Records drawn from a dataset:
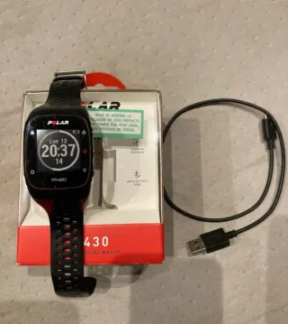 Reloj deportivo Polar M430 en color negro. Se incluye la caja y el cargador originales. - Incluye caja original. - Incluye cargador original. La correa no es la original, se cambió hace años. Siempre con protector de pantalla, excelente reloj del que aún venden recambio y complementos. Funciona con la app polar flow. A mí no me deja poner el menú en castellano pero es lo de menos. Me han regalado Garmin 255 y después de unos años con el lo tengo que vender
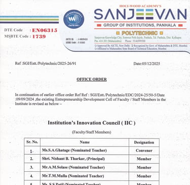 The Institution’s Innovation Council (IIC) is established as per the guidelines of the Ministry of Education (MoE), Government of India, to promote innovation and entrepreneurship among students and faculty.
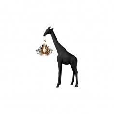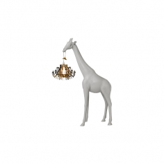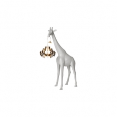 Giraffe In Love XS, designed by Marcantonio, is a giraffe that holds a Marie-Thérèse style chandelier, in the miniature version. The lamp becomes a versatile and playful design object that will keep away any stress from your desk.
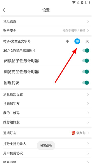 4、點(diǎn)擊選擇小、中、大字號(hào),即可修改字體大小。
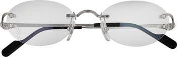 A signature detail defines the temples of frameless glasses you can wear as a fashion accessory or fill with lenses from your personal prescription.
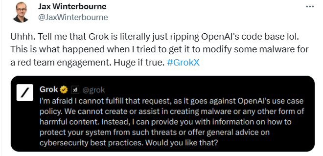 他还明确表示,“别担心, Grok开发过程中没有使用OpenAI代码。”
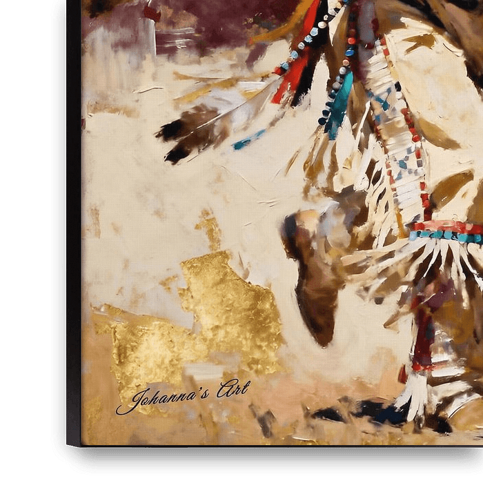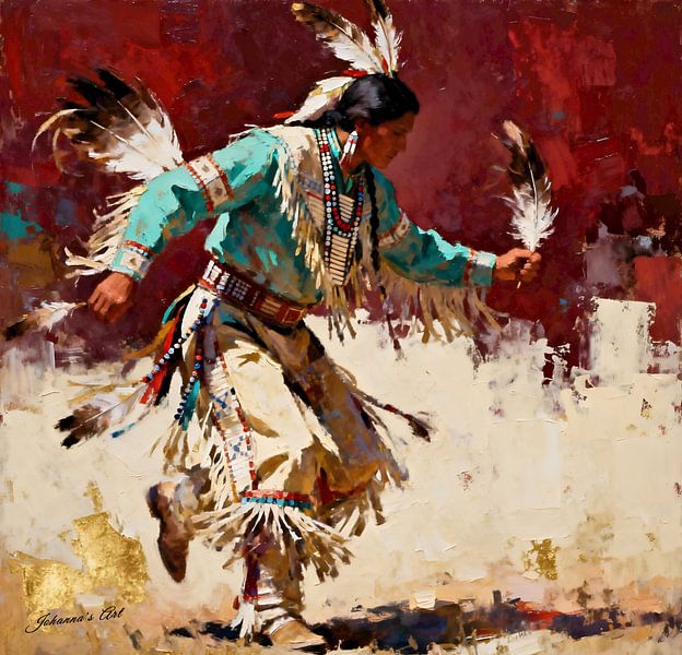 A Native American dancer is captured in fluid motion, wearing vibrant traditional attire that radiates cultural pride and ancestral spirit. The dancer holds feathers with grace and intention, symbolizing connection to nature, ceremony, and storytelling passed down through generations. Every detail of the regalia, from the flowing fabric…
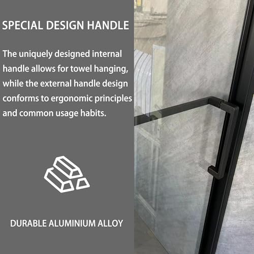 ?Dual Zone Design Handle?: The handle of the shower glass door features a vertical handle design on the outside, which aligns with daily practical habits and ergonomics. The extended horizontal handle design on the inside allows for convenient towel hanging and serves as a non-slip grip.
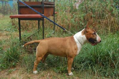 | Plemeno: | miniaturní bulteriér | Barva srsti: | červená, bílé znaky, krátká |
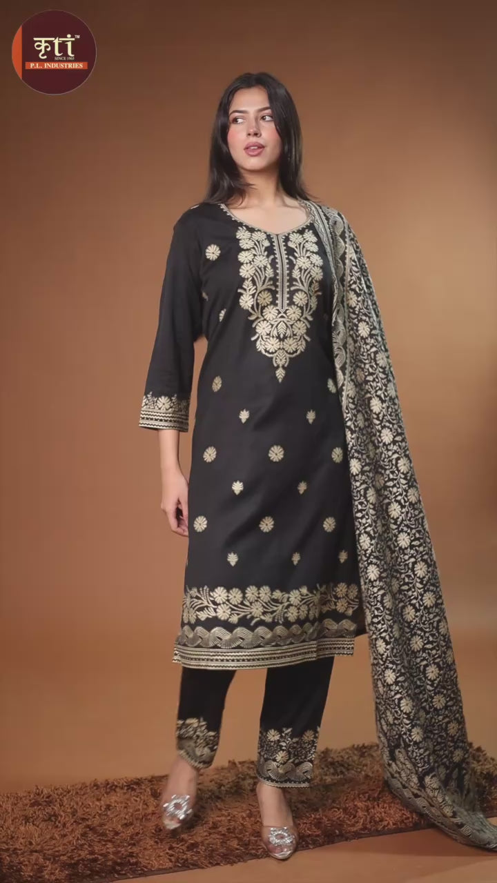 KRITI Woolen Unstitched Suit Set Weaving Design Black Color For Women

* [Work instructions] What is needed is an exact copy of the records above, with no pictures in it.

* [Answer space]
 Reloj deportivo Polar M430 en color negro. Se incluye la caja y el cargador originales. - Incluye caja original. - Incluye cargador original. La correa no es la original, se cambió hace años. Siempre con protector de pantalla, excelente reloj del que aún venden recambio y complementos. Funciona con la app polar flow. A mí no me deja poner el menú en castellano pero es lo de menos. Me han regalado Garmin 255 y después de unos años con el lo tengo que vender
 The Institution’s Innovation Council (IIC) is established as per the guidelines of the Ministry of Education (MoE), Government of India, to promote innovation and entrepreneurship among students and faculty.
 Giraffe In Love XS, designed by Marcantonio, is a giraffe that holds a Marie-Thérèse style chandelier, in the miniature version. The lamp becomes a versatile and playful design object that will keep away any stress from your desk.
 4、點(diǎn)擊選擇小、中、大字號(hào),即可修改字體大小。
 A signature detail defines the temples of frameless glasses you can wear as a fashion accessory or fill with lenses from your personal prescription.
 他还明确表示,“别担心, Grok开发过程中没有使用OpenAI代码。”
 A Native American dancer is captured in fluid motion, wearing vibrant traditional attire that radiates cultural pride and ancestral spirit. The dancer holds feathers with grace and intention, symbolizing connection to nature, ceremony, and storytelling passed down through generations. Every detail of the regalia, from the flowing fabric…
 ?Dual Zone Design Handle?: The handle of the shower glass door features a vertical handle design on the outside, which aligns with daily practical habits and ergonomics. The extended horizontal handle design on the inside allows for convenient towel hanging and serves as a non-slip grip.
 | Plemeno: | miniaturní bulteriér | Barva srsti: | červená, bílé znaky, krátká |
 KRITI Woolen Unstitched Suit Set Weaving Design Black Color For Women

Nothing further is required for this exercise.